829543 - Refactor hintCharset from nsDocumentViewer to reloadCharset on docshell

Assignee

Description

•

13 years ago

We have a couple of mystery properties on nsIMarkupDocumentViewer: hintCharacterSet and hintCharacterSetSource. We should get someone to investigate what they are for and why. If they are useless, they should be removed. If they are useful, they should be properly documented in nsIMarkupDocumentViewer.idl.

Henri Sivonen (:hsivonen)

Assignee

Comment 1

•

13 years ago

Also forceCharacterSet.

Henri Sivonen (:hsivonen)

Assignee

Comment 2

•

13 years ago

Argh. These are used by comm-central: /editor/ui/composer/content/editingOverlay.js (View Hg log or Hg annotations) line 122 -- contentViewer.forceCharacterSet = aCharset; /mailnews/base/src/nsMsgPrintEngine.cpp (View Hg log or Hg annotations) line 522 -- muDV->SetForceCharacterSet(NS_LITERAL_CSTRING("UTF-8")); /mailnews/compose/src/nsMsgCompose.cpp (View Hg log or Hg annotations) line 1578 -- NS_ENSURE_SUCCESS(markupCV->SetForceCharacterSet(msgCharSet), NS_ERROR_FAILURE); /mailnews/base/src/nsMessenger.cpp (View Hg log or Hg annotations) line 307 -- muDV->SetHintCharacterSet(aCharset); line 308 -- muDV->SetHintCharacterSetSource(kCharsetFromMetaTag);

Jonathan Protzenko [:protz]

Comment 3

•

13 years ago

This is also used by all other extensions that wish to display a message themselves. In Thunderbird Conversations, I'm doing a weird dance to have the message display properly: let cv = iframe.docShell.contentViewer; cv.QueryInterface(Ci.nsIMarkupDocumentViewer); cv.hintCharacterSet = "UTF-8"; cv.hintCharacterSetSource = kCharsetFromChannel; (before streaming a given message into the iframe). I believe that: 1) kCharsetFromMetaTag is incorrect; in Thunderbird Conversations I figured that out quite some time ago, and changed it to kCharsetFromChannel (see bug 594646 which is about precisely fixing that) 2) this is pretty ugly (as you already stated :)); any code that removes this would make me immensely happy. From what I recall, the code responsible for decoding a message is in the infamous libmime, and libmime outputs UTF-8 already.
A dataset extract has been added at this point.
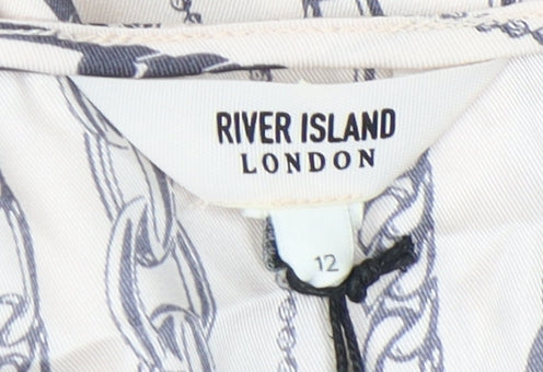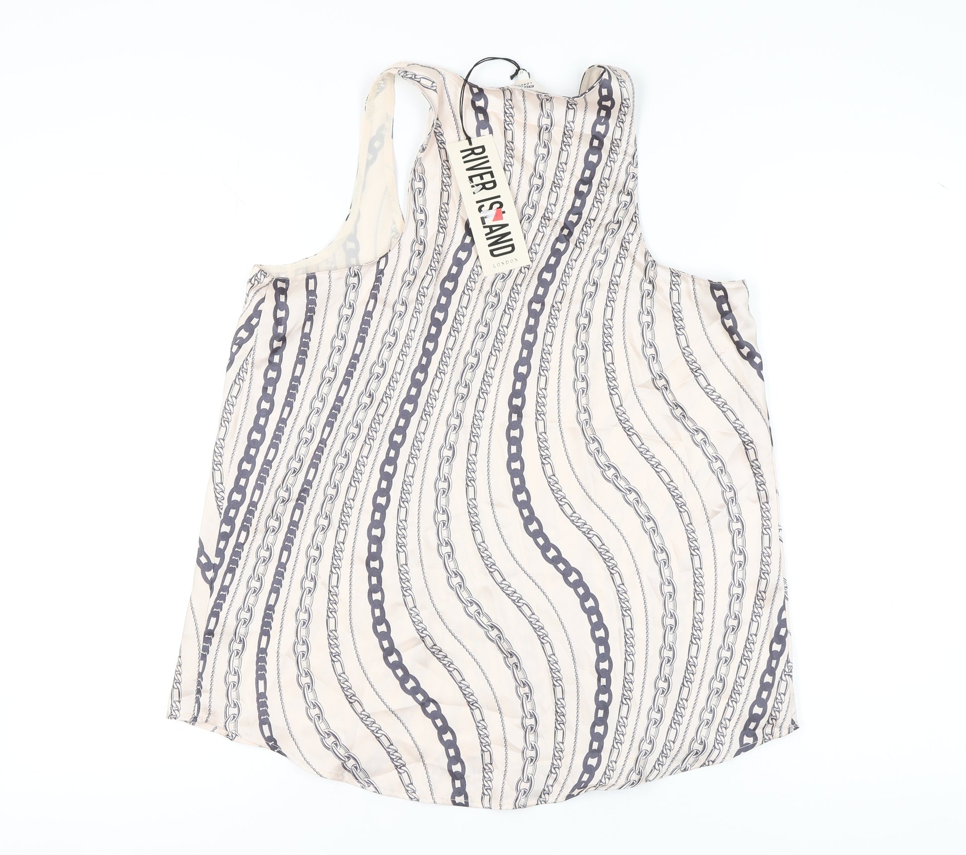 Upgrade your wardrobe with this stylish River Island Women's Tank Top in classic beige. Ideal for spring and summer occasions, the lightweight design ensures comfort while the geometric pattern adds a modern twist. Made from 100% polyester, this sleeveless top features a regular fit that's perfect for casual outings. The pullover closure ensures ease of wear, making it a versatile addition to your collection. With a sleek and basic style, this top is an effortless choice for a laid-back day. Whether pairing it with jeans or a skirt, this tank top promises to complement your ensemble effortlessly. Perfectly new with tags, it's a must-have item for fashion-forward individuals seeking simplicity combined with elegance.

The code responsible for briding libmime and the rest of the streaming process is in mailnews/mime/src/mimemoz2.cpp and the code that makes sure libmime outputs utf8 is apparently in comi18n.cpp ; mime_convert_charset in mimemoz2.cpp seems interesting. If we could just add the right calls in mimemoz2.cpp so that they output a BOM and remove all this nonsense altogether, that would be a big win.

Josh Yuan

Comment 4

•

13 years ago

Hello there, My friend and I are interested in helping out. Is this bug still active? If so, where/how do we begin? Thanks.

Henri Sivonen (:hsivonen)

Assignee

Comment 5

•

13 years ago

(In reply to Josh Yuan from comment #4) > My friend and I are interested in helping out. Is this bug still active? > If so, where/how do we begin? Please see the comment previous to yours.

Rahul Gandhi

Comment 6

•

12 years ago

Hello sir, I wants to work on this bug. I have read all the comments and i am interested working on this project

Tony Mechelynck [:tonymec]

Comment 7

•

12 years ago

In reply to comment #3: Maybe I'm just clueless but what about the code (in mailnews and in Composer) which _sends_ a message or a page in a given charset? In any case, IMO there's no such thing as too detailed documentation (as long as it is accurate, of course).

Henri Sivonen (:hsivonen)

Assignee

Comment 8

•

12 years ago

(In reply to Rahul Gandhi from comment #6) > I wants to work on this bug. I have read all the comments and i am > interested working on this project Please go ahead. It appears that this is not being actively worked on by someone else. (In reply to Tony Mechelynck [:tonymec] from comment #7) > In reply to comment #3: Maybe I'm just clueless but what about the code (in > mailnews and in Composer) which _sends_ a message or a page in a given > charset? Does mailnews control serializer charset by forcing the docshell charset? If it was up to me, I'd make Composer always output UTF-8. Also, one has to wonder why mailnews couldn't always send UTF-8 these days. It's not like the ability to read UTF-8 at the other end is a super-new thing.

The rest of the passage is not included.